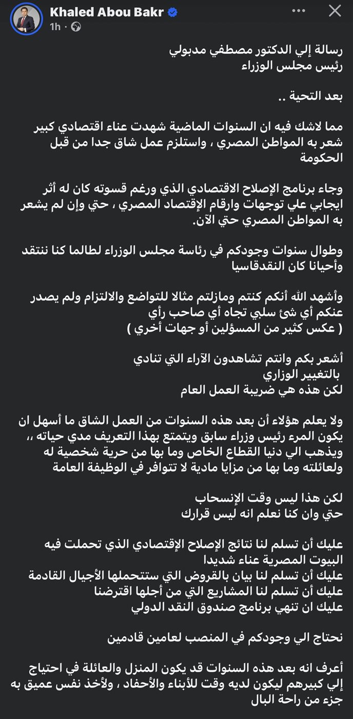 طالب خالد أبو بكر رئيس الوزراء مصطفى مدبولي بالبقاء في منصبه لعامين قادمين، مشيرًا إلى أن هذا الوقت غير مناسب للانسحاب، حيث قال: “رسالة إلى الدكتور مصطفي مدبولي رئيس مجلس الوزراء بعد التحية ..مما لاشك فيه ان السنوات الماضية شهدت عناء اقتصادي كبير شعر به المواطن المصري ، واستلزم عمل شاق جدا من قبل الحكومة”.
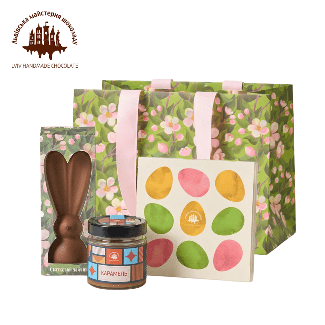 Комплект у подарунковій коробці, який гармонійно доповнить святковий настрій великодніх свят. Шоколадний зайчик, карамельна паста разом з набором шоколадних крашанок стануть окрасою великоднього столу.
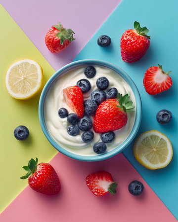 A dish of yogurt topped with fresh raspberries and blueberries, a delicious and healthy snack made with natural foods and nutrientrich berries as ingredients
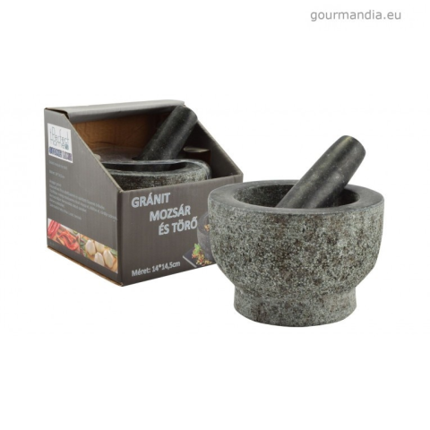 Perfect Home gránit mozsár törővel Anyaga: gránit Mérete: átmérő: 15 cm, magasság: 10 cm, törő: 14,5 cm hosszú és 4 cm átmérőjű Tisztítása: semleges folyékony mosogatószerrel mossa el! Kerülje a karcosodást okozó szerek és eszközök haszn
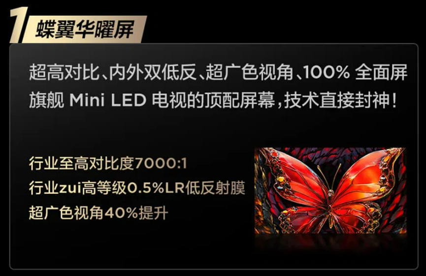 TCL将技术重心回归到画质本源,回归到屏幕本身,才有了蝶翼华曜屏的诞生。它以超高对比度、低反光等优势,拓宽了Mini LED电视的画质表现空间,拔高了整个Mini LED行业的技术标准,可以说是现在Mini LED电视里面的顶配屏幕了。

◆ ◆ ◆ ◆

TRY IT ::
Quote all the records verbatim, dropping any pictures from your copy.

ANSWER SECTION ::
 طالب خالد أبو بكر رئيس الوزراء مصطفى مدبولي بالبقاء في منصبه لعامين قادمين، مشيرًا إلى أن هذا الوقت غير مناسب للانسحاب، حيث قال: “رسالة إلى الدكتور مصطفي مدبولي رئيس مجلس الوزراء بعد التحية ..مما لاشك فيه ان السنوات الماضية شهدت عناء اقتصادي كبير شعر به المواطن المصري ، واستلزم عمل شاق جدا من قبل الحكومة”.
 Комплект у подарунковій коробці, який гармонійно доповнить святковий настрій великодніх свят. Шоколадний зайчик, карамельна паста разом з набором шоколадних крашанок стануть окрасою великоднього столу.
 A dish of yogurt topped with fresh raspberries and blueberries, a delicious and healthy snack made with natural foods and nutrientrich berries as ingredients
 Perfect Home gránit mozsár törővel Anyaga: gránit Mérete: átmérő: 15 cm, magasság: 10 cm, törő: 14,5 cm hosszú és 4 cm átmérőjű Tisztítása: semleges folyékony mosogatószerrel mossa el! Kerülje a karcosodást okozó szerek és eszközök haszn
 TCL将技术重心回归到画质本源,回归到屏幕本身,才有了蝶翼华曜屏的诞生。它以超高对比度、低反光等优势,拓宽了Mini LED电视的画质表现空间,拔高了整个Mini LED行业的技术标准,可以说是现在Mini LED电视里面的顶配屏幕了。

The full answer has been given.